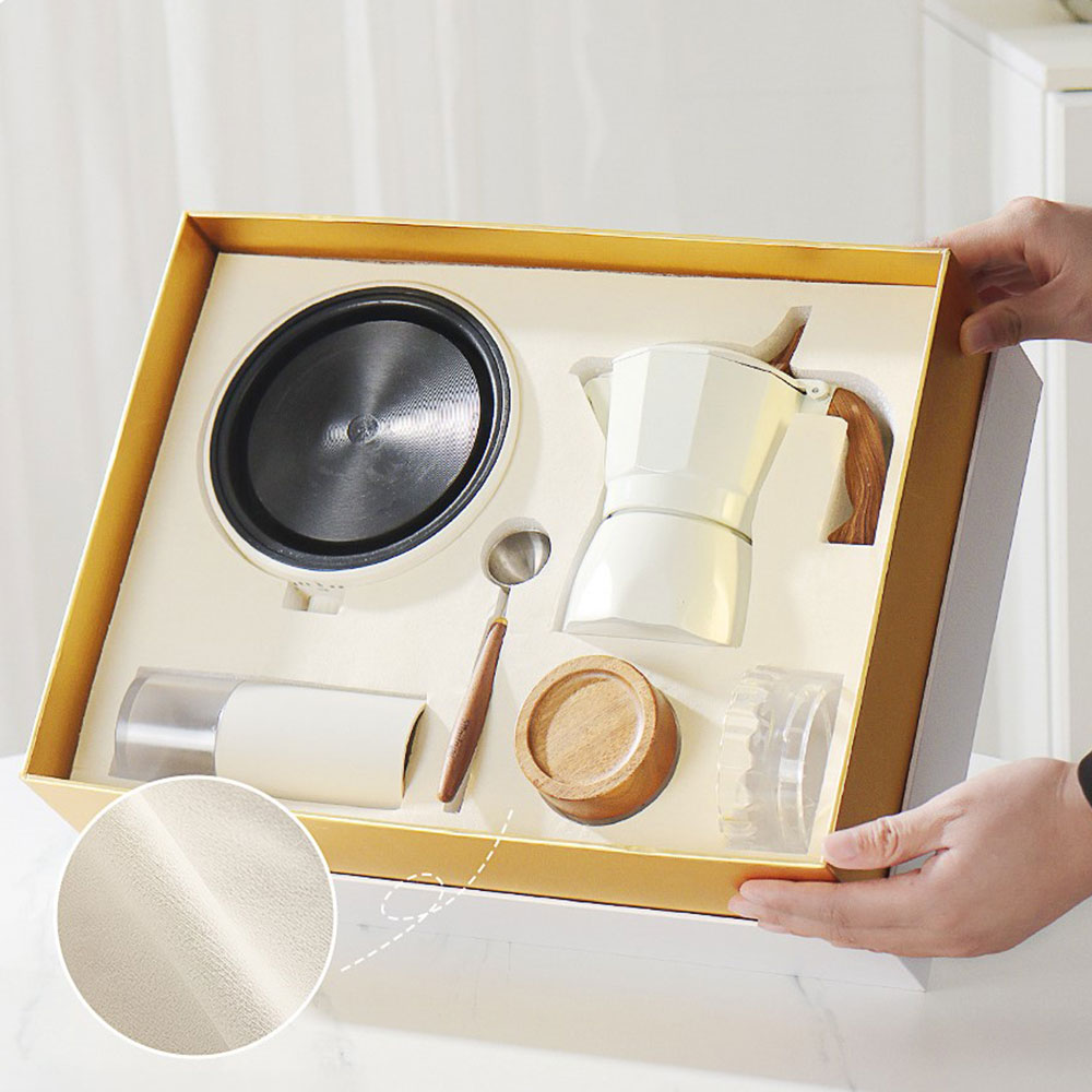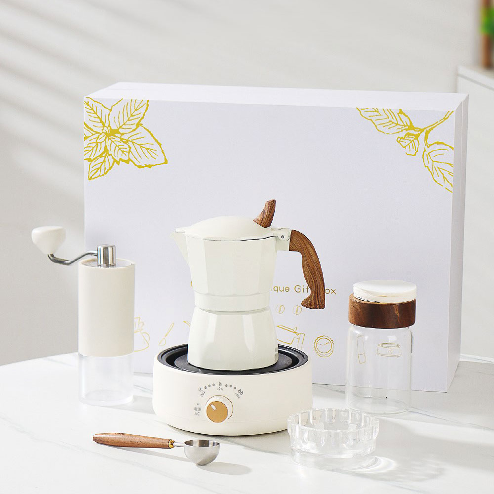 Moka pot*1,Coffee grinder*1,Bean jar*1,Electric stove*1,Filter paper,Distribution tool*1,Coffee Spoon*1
...
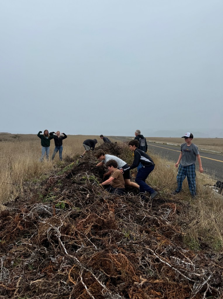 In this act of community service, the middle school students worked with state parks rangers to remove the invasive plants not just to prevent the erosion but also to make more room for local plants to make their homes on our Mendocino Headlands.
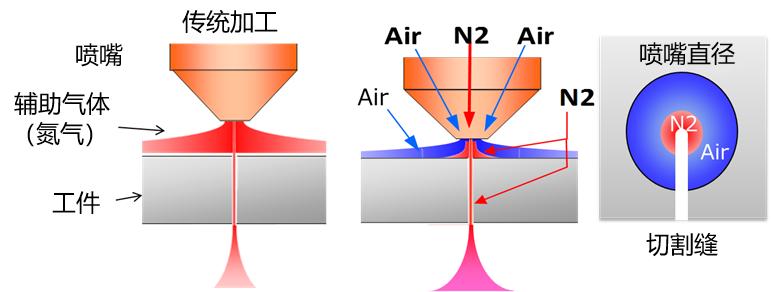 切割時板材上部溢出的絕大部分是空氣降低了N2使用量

- YOUR ASSIGNMENT
Print from the line containing "In this act" through the line containing "切割時板材上部溢出的絕大部分是空氣降低了N2使用量" in the data above, exactly as the lines stand, and omit every picture.

- WORKED SOLUTION
 In this act of community service, the middle school students worked with state parks rangers to remove the invasive plants not just to prevent the erosion but also to make more room for local plants to make their homes on our Mendocino Headlands.
 切割時板材上部溢出的絕大部分是空氣降低了N2使用量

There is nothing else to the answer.